Charlie levantó la cabeza y chilló con insolente voz de chifla:
—Es un hombre y un marino.
Luego, limpiándose la nariz con el dorso de la mano, se inclinó de nuevo industriosamente sobre su bitadura de cable. Algunos rieron. Otros, contemplaron al intruso perplejo. El andrajoso se indignó:
—¡Bonita manera de recibir a un camarada en un castillo de proa! —refunfuñó—. ¿Sois hombres o una manada de caníbales sin corazón?

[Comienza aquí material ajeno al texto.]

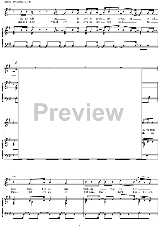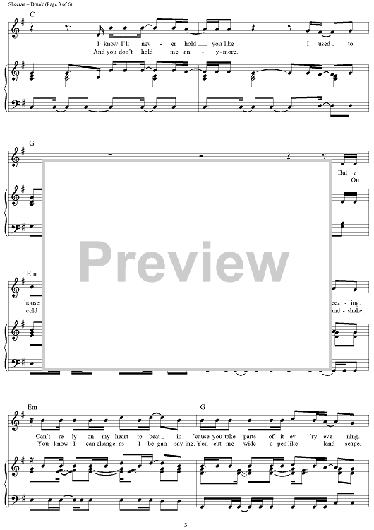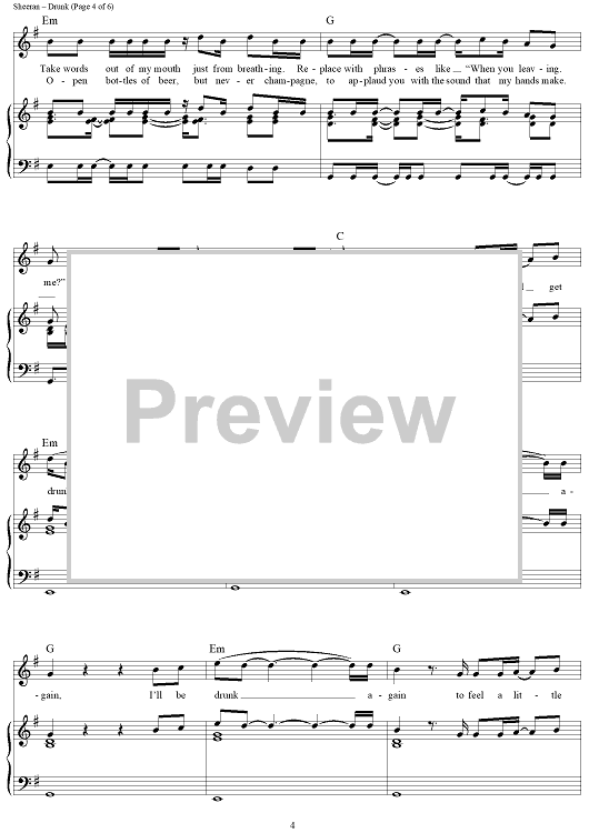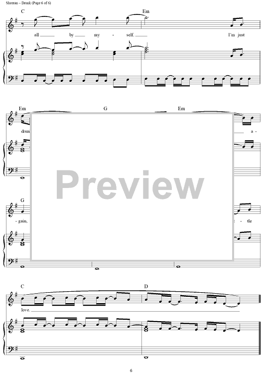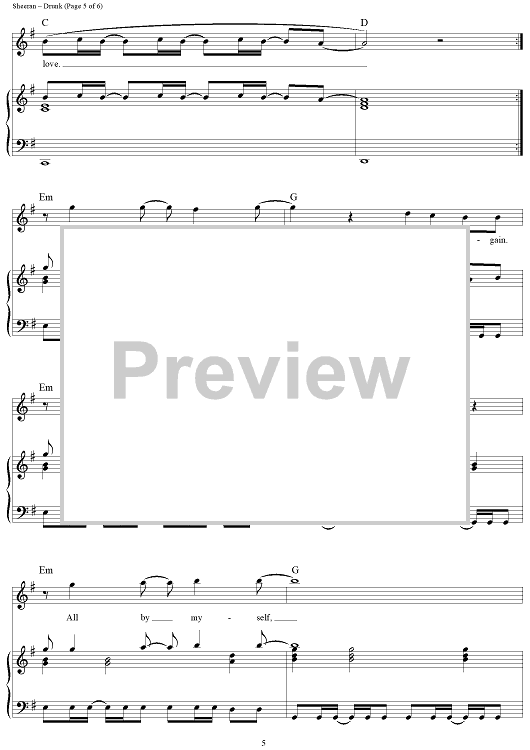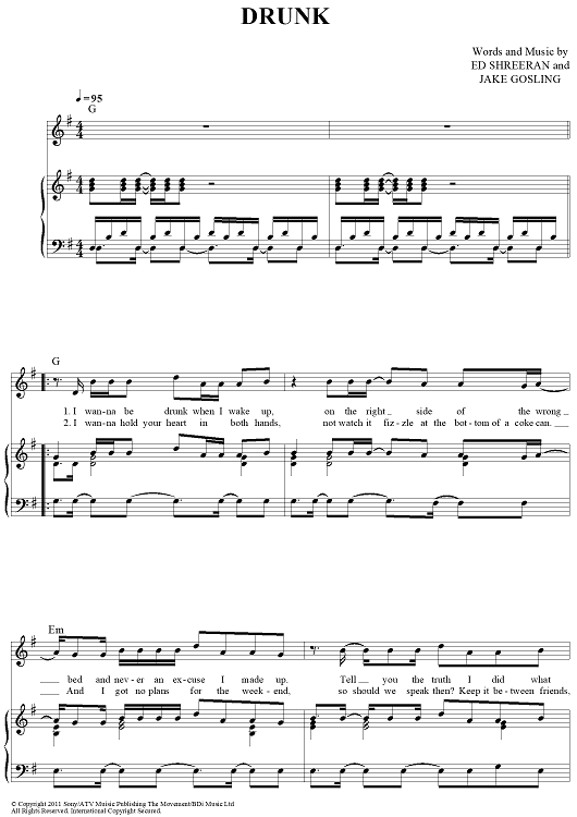 Digital Sheet Music for Drunk by Ed Sheeran, Jake Gosling scored for Piano/Vocal/Chords; id:429475

—No vayas a quitarte la camisa por broma, camarada —gritó Belfast, irguiéndose de un salto ante él, furioso, amenazador y amistoso a la vez.
—¿Y éste, está ciego? —preguntó el indomable fantoche, mirando en torno con aire de sorpresa simulada—. ¿No ve, acaso, que ya no tengo camisa?

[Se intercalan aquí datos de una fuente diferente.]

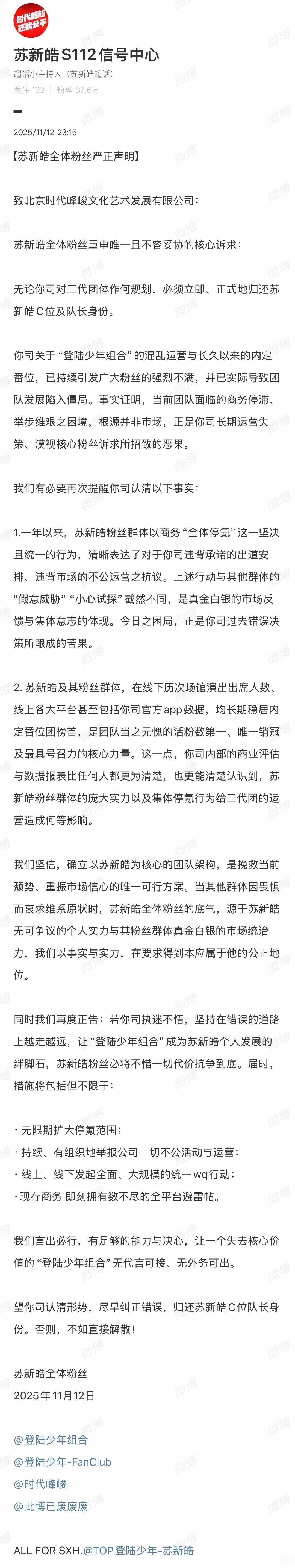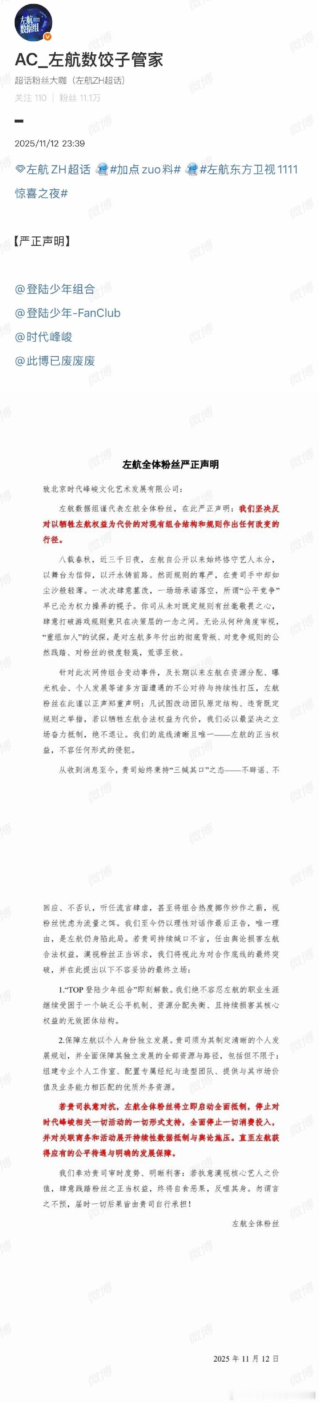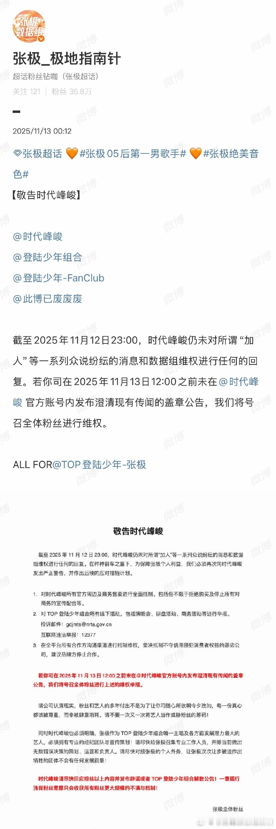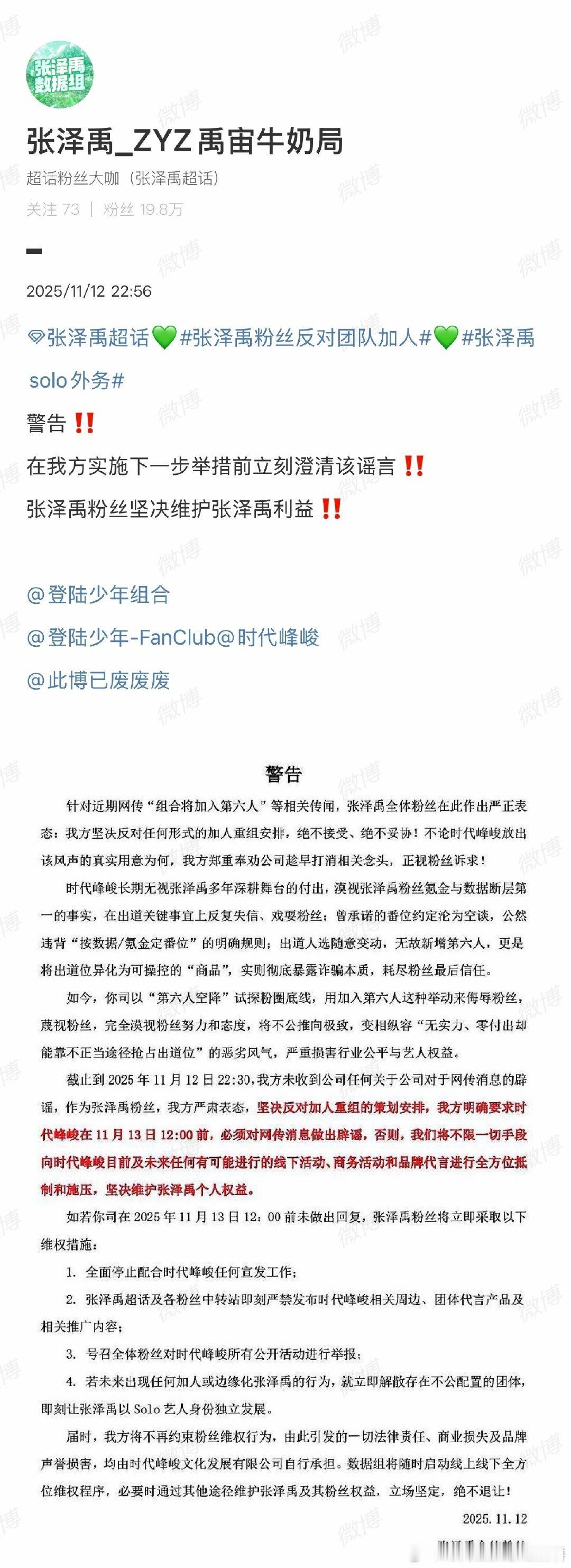 朱志鑫后援会发布告时代峰峻书,要求公司对网传组合人员及站位的变动做出辟谣回复

Y extendió sus brazos en cruz, sacudiendo los andrajos que cubrían sus huesos con un gesto dramático.
—¿Y por qué? —continuó en voz muy alta—. Los cochinos yanquis querían sacarme las tripas al aire porque defendía mis derechos como un valiente. Soy inglés, gracias a Dios. Se me echaron encima y abandoné el campo. He ahí el porqué. ¿Habéis visto nunca un hombre en la miseria? ¡Eh! ¿Qué clase de condenado barco es éste? Estoy sin un céntimo. No tengo nada. Ni saco, ni lecho, ni manta, ni camisa, ni un condenado andrajo fuera de lo que llevo encima. Pero, al menos, no me acobardé ante esos cochinos yanquis. ¿Hay alguien aquí que tenga de sobra un par de pantalones viejos para un camarada?

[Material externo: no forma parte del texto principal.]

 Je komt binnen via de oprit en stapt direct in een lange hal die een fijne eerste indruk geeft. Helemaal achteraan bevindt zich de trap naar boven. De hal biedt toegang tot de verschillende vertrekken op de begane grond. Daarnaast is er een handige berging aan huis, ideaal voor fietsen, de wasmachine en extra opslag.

Sabía cómo conquistar los ingenuos sentimientos de aquella turba. En un momento, le dieron su compasión burlona, despreciativa o ásperamente; primero, en forma de una manta arrojada al rostro mientras él permanecía ante ellos con la blanca piel de sus miembros atestiguando su humana fraternidad a través de la negra fantasía de sus andrajos. Luego, rodó hasta sus enlodados pies un par de viejos zapatos. Acompañado de un grito, un viejo pantalón de lona y manchado de brea, lo golpeó en el hombro. El soplo de su benevolencia levantaba una onda de piedad sentimental en sus corazones indecisos. Su propia espontaneidad en aliviar la miseria de uno de los suyos los llenaba de enternecimiento. Algunas voces gritaron:
—¡Se te equipará, viejo!
Se cruzaron murmullos:
—Nunca vi cosa semejante… ¡Pobre diablo!… ¿Te servirá un chaleco viejo que tengo? Tómalo, compañero.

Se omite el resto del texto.